Task offloading algorithms based on the above studies are based on ideal mathematical models, and cannot consider all the factors that affect the optimization objective, which limits their task offloading performance. To solve this problem, a new class of offloading methods has been proposed, using deep learning techniques, with good results.

2.2. Machine Learning Task Offloading Methods

To cope with the variability of edge computing application environments, Wang and Jia et al. proposed a meta-reinforcement learning-based approach to solve the computational offloading problem [21], which enables fast adaptation to dynamic scenarios without updating too many parameters.

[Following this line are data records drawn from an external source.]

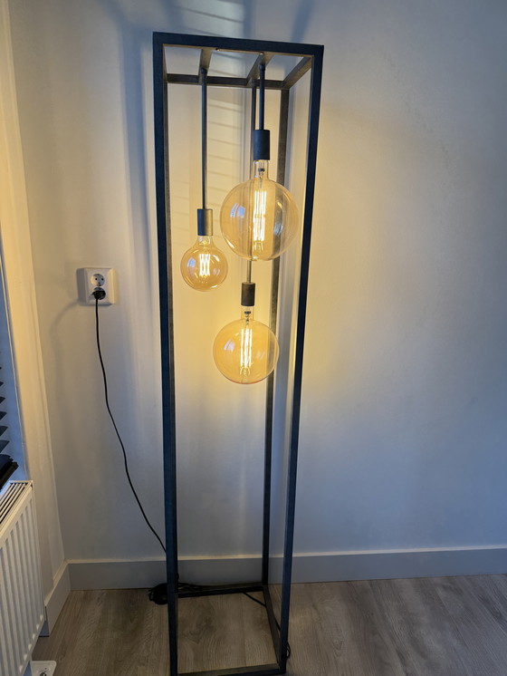 Verlicht uw ruimte met deze opvallende industriële vloerlamp, met een minimalistisch metalen frame dat elegant drie stralende glazen bollen herbergt. Dit stuk combineert moeiteloos functionaliteit met modern design en is daarmee een perfecte aanvulling op elk eigentijds interieur.
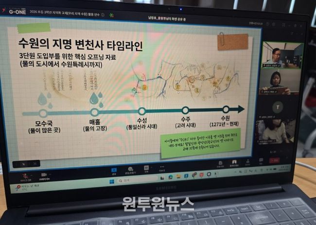 (원투원뉴스) 경기도수원교육지원청은 4월 2일 관내 초등 3학년 담임교사를 대상으로 '2026 초등 3학년 지역화 교재(우리 지역 수원) 활용 연수'를 온라인으로 실시했다.
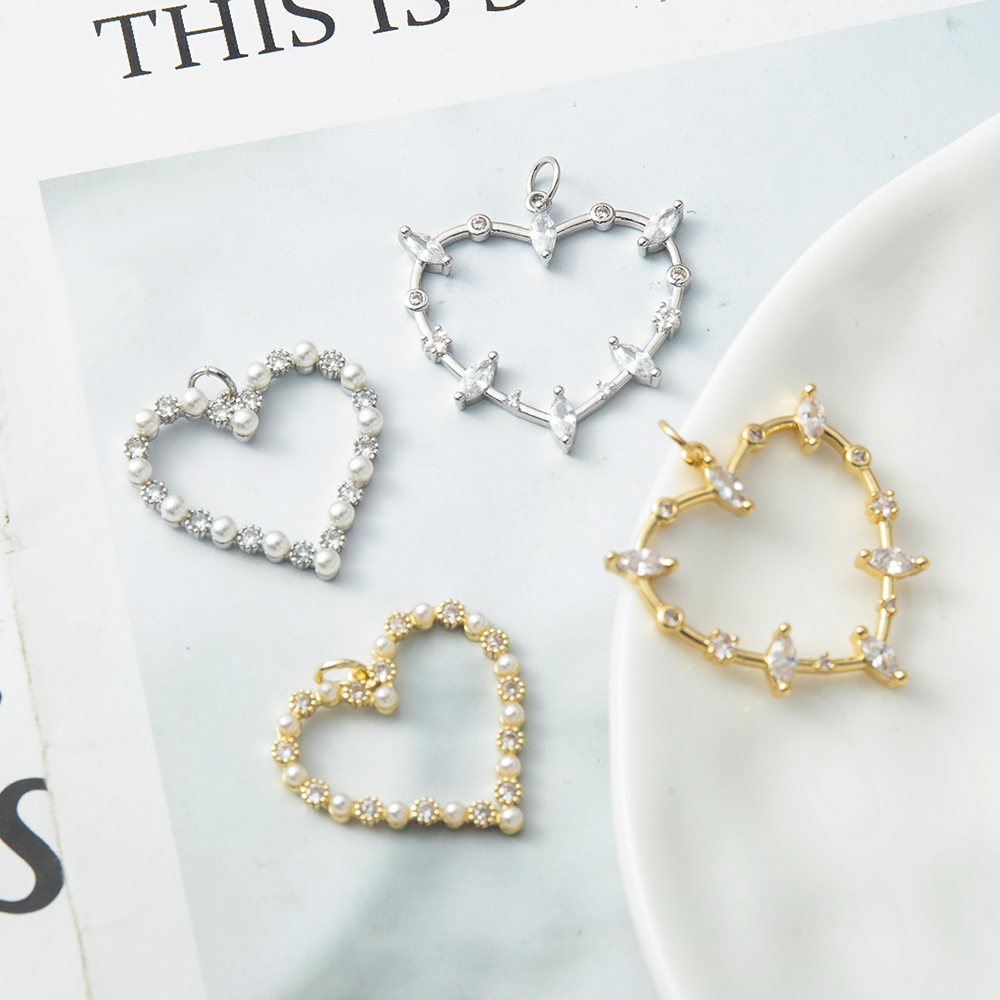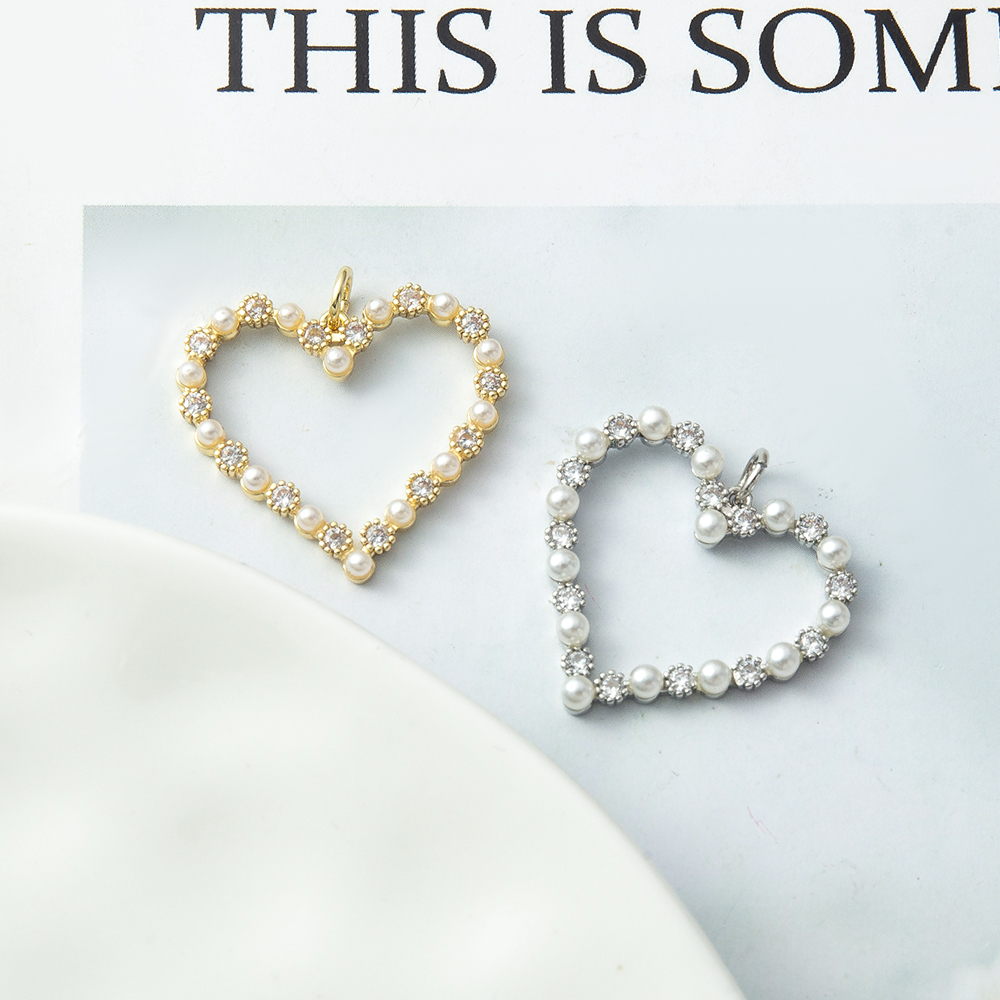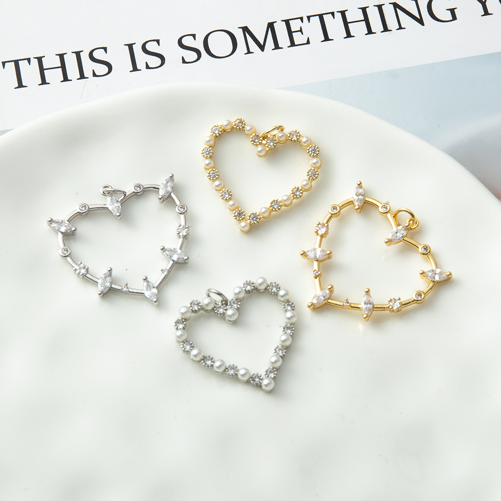 Pendentifs de coeur en laiton, avec perle de plastique, Placage, DIY & pavé de micro zircon, plus de couleurs à choisir, protéger l'environnement, sans nickel, plomb et cadmium, 27.8x3.2x32.5mm, Vendu par PC

A joint task offloading and bandwidth allocation problem was considered for multiuser computational offloading, with the goal of minimizing the overall delay in completing user tasks, using a DQN approach to find the optimal solution [22].

Wang Jin et al. [23] found that studies using DRL for task offloading rarely focus on the dependencies between tasks, and proposed a DRL offloading method that can address dependent tasks. The general dependency of tasks was modeled as a directed acyclic graph (DAG), and an S2S neural network captured the features of the DAG and output the offloading strategy. The method can use delay, energy consumption, or tradeoffs of both as optimization objectives.

In Ref. [24], the authors are the first to attempt to consider end-device energy consumption in a deep learning-based modeling of MEC partial offloading schemes [24]. They propose a novel partial offloading scheme EEDOS based on a fine-grained partial offloading framework, in which the cost function comprehensively considers important parameters such as residual energy of end-devices and energy consumption of previous application components. Dai and Niu [25] used unmanned aerial vehicles (UAVs) to assist edge servers for task offloading, minimizing the energy consumption of all mobile end devices by jointly optimizing UAV trajectories, task association, and the resource allocation of computation and transmission. They reduced the problem complexity by decomposing the joint optimization problem into the subproblems of UAV trajectory planning, task association scheduling, and resource allocation of computation and transmission. A proposed hybrid heuristic and learning-based scheduling strategy (H2LS) algorithm incorporated long short-term memory neural networks, fuzzy c-means, deep deterministic policy gradients, and convex optimization techniques.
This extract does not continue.